Description of the task: From the first line of the listing below through the line with "4個大人叫咗安格斯牛肉芝士漢", transcribe exactly and skip the pictures.

Dataset records:
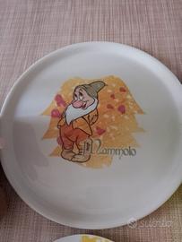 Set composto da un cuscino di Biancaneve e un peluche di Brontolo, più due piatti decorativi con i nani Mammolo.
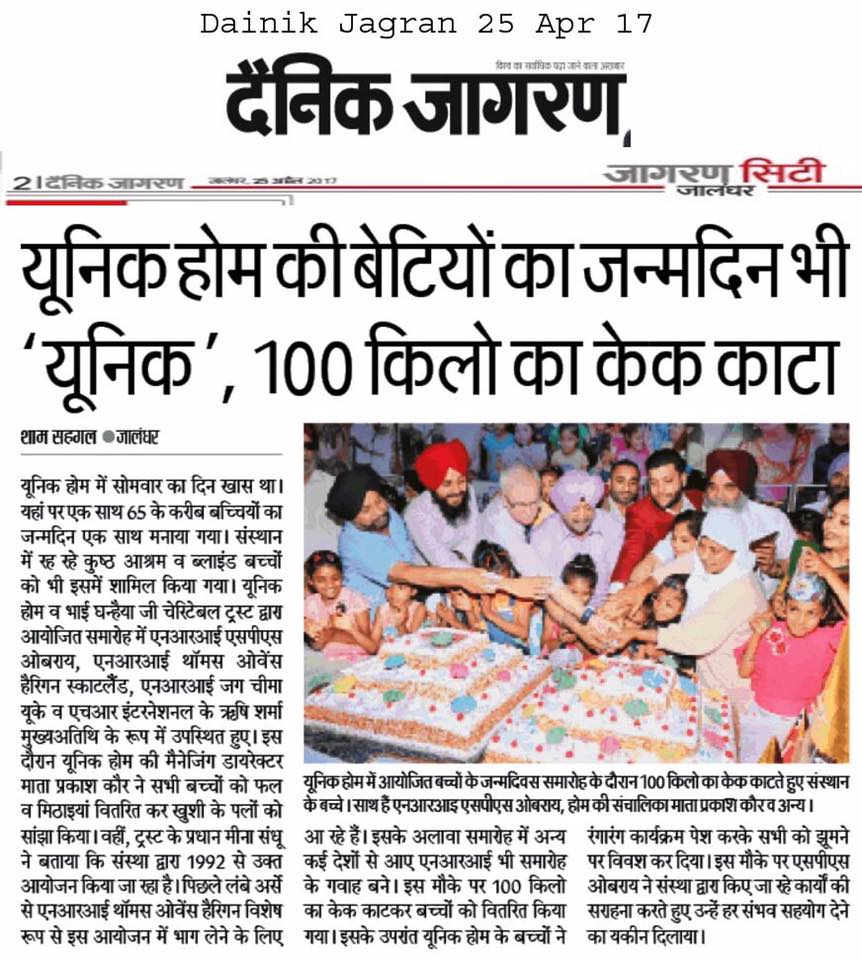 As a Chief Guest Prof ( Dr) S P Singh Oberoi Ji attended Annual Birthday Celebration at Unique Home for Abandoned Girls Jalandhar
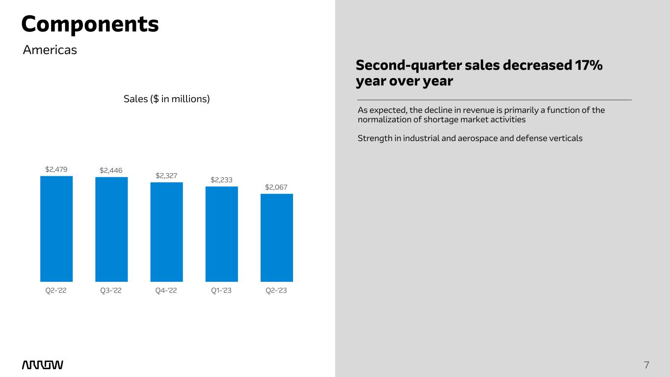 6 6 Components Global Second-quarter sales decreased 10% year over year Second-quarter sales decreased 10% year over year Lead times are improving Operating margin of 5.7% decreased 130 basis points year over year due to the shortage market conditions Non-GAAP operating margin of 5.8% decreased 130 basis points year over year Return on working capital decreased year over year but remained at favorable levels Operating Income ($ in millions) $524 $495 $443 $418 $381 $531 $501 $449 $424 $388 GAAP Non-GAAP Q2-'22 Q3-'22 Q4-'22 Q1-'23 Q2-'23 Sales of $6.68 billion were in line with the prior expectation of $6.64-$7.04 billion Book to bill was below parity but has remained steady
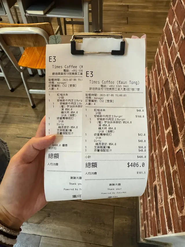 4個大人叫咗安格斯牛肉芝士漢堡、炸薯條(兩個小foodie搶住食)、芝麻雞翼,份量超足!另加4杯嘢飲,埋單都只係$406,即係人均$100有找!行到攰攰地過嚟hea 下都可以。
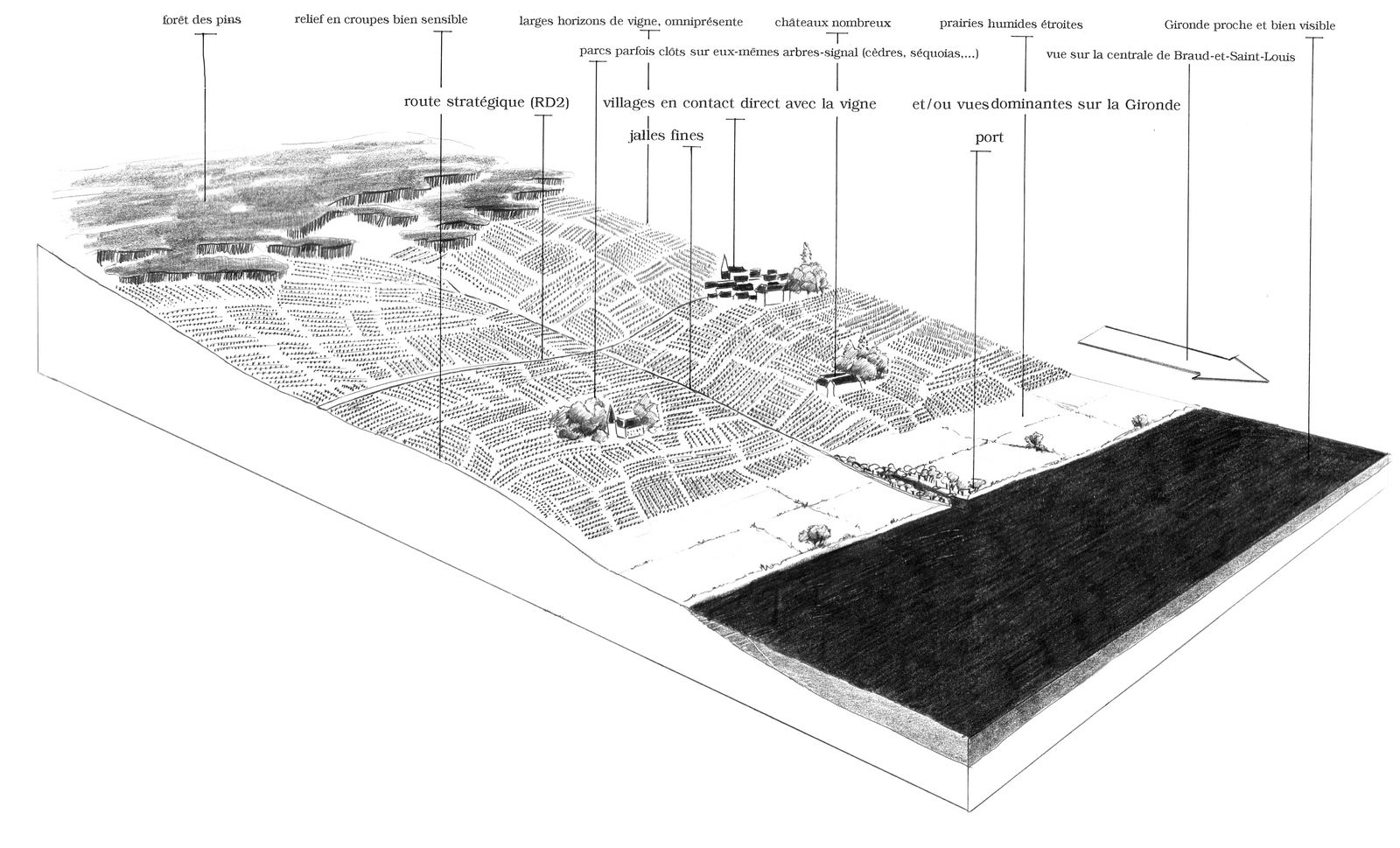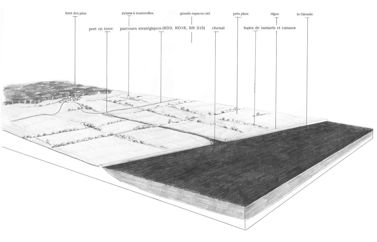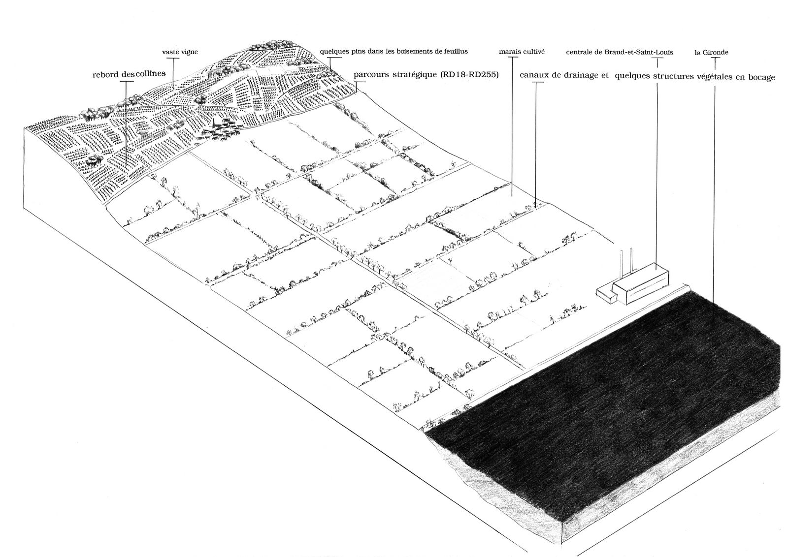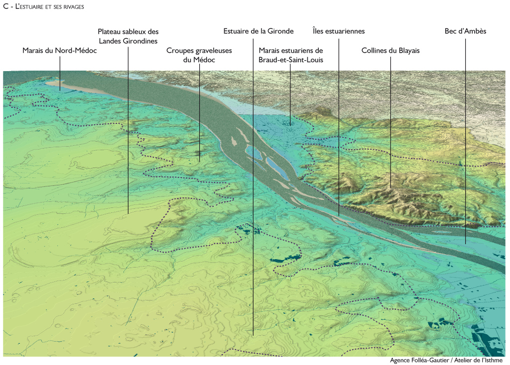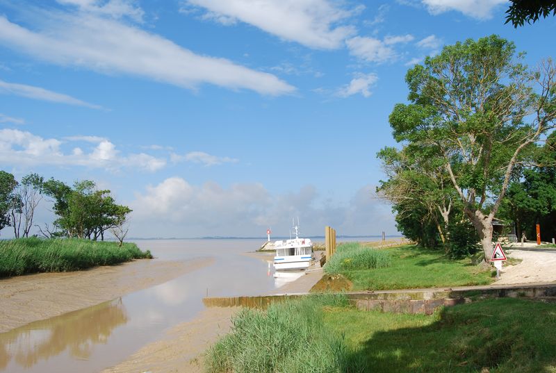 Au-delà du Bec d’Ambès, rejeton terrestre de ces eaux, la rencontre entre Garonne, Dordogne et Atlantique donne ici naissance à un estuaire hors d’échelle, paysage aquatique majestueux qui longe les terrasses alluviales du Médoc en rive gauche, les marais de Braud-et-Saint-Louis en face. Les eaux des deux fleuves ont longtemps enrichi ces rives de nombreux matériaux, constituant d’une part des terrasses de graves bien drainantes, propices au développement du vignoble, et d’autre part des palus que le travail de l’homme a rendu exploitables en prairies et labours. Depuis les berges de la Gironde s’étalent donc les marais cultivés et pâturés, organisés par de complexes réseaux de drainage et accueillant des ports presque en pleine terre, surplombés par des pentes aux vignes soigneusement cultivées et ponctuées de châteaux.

Response for this exercise:
 Set composto da un cuscino di Biancaneve e un peluche di Brontolo, più due piatti decorativi con i nani Mammolo.
 As a Chief Guest Prof ( Dr) S P Singh Oberoi Ji attended Annual Birthday Celebration at Unique Home for Abandoned Girls Jalandhar
 6 6 Components Global Second-quarter sales decreased 10% year over year Second-quarter sales decreased 10% year over year Lead times are improving Operating margin of 5.7% decreased 130 basis points year over year due to the shortage market conditions Non-GAAP operating margin of 5.8% decreased 130 basis points year over year Return on working capital decreased year over year but remained at favorable levels Operating Income ($ in millions) $524 $495 $443 $418 $381 $531 $501 $449 $424 $388 GAAP Non-GAAP Q2-'22 Q3-'22 Q4-'22 Q1-'23 Q2-'23 Sales of $6.68 billion were in line with the prior expectation of $6.64-$7.04 billion Book to bill was below parity but has remained steady
 4個大人叫咗安格斯牛肉芝士漢堡、炸薯條(兩個小foodie搶住食)、芝麻雞翼,份量超足!另加4杯嘢飲,埋單都只係$406,即係人均$100有找!行到攰攰地過嚟hea 下都可以。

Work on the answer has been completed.